$p$-value

probability of a result at least as extreme (in the direction given by $H_a$) as the result we actually got, assuming $H_0$ to be true.

$p$-value measures how compatible with $H_0$ the data are
smaller $p$-values are stronger evidences against $H_0$ in favor of $H_a$

Test in practice

$H_a$ claim that some effect or difference is present in a population
$H_0$ as “no effect” or “no difference” and seek evidence against $H_0$
Test statistics measures how far data depart from what would be expected if $H_0$ were true
- ex. $\bar X_1 - \bar X_2$, $\bar X - L$
Good test statistic → small probability of making errors

Types of errors

Definition

Type 1 error: reject $H_0$ when $H_0$ is really true Type 2 error: accept $H_0$ when $H_a$ is really true

$\alpha = P(\text{Type 1 error}) = P(\text{reject } H_0|H_0 \text{ is true})$
$\beta = P(\text{Type 2 error}) = P(\text{accept } H_0|H_a \text{ is true})$

Max $\beta$ will be $1-\alpha$, so choosing a rule with small $\alpha$ implies $\beta$ is large for $\mu$ close to the boundary.
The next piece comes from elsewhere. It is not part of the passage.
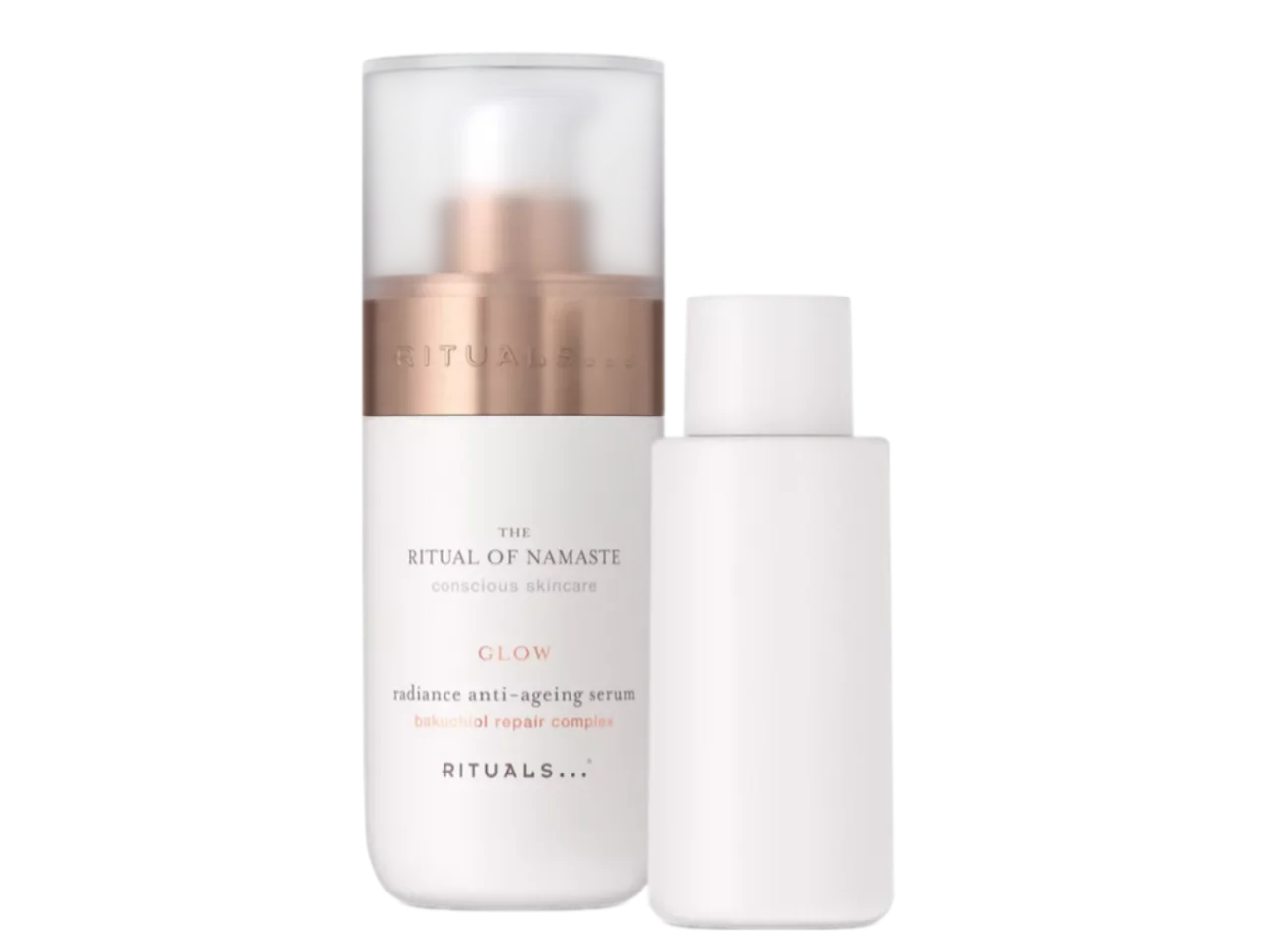 Интенсивная сыворотка восстанавливает природное сияние и минимизирует первые признаки старения благодаря комплексу Bakuchiol Repair Complex. Ритуал сыворотки против старения Namaste Придайте своей коже сияние и боритесь с первыми признаками старения днем и ночью с помощью этой сыворотки от The Ritual of Namaste. Продукт содержит наш новый уникальный восстановительный комплекс Bakuchiol. Он возвращает коже молодой вид, уменьшая видимость тонких линий и морщин, а также увлажняет кожу, делая ее сияющей. 97% ингредиентов натурального происхождения, 3% изготовлены в лаборатории для обеспечения должной консистенции и стабильности продукта увлажнение для сияющей кожи минимизация тонких линий и морщин быстро впитывается для всех типов кожи, даже чувствительной дерматологически протестированный продукт

If we would like both small, we could take a larger sample. Larger samples reduce $\beta$ for given $\alpha$ at any fixed $\mu$ in $H_a$.

example

Power of tests

Definition

Power of a test, denoted by power($\theta$), is the probability that the test rejects $H_0$ when the true parameter value is $\theta$.

If $\theta_0 \in H_0$, power$(\theta_0)=P(\text{reject }H_0|H_0 \text{ is true})= \alpha$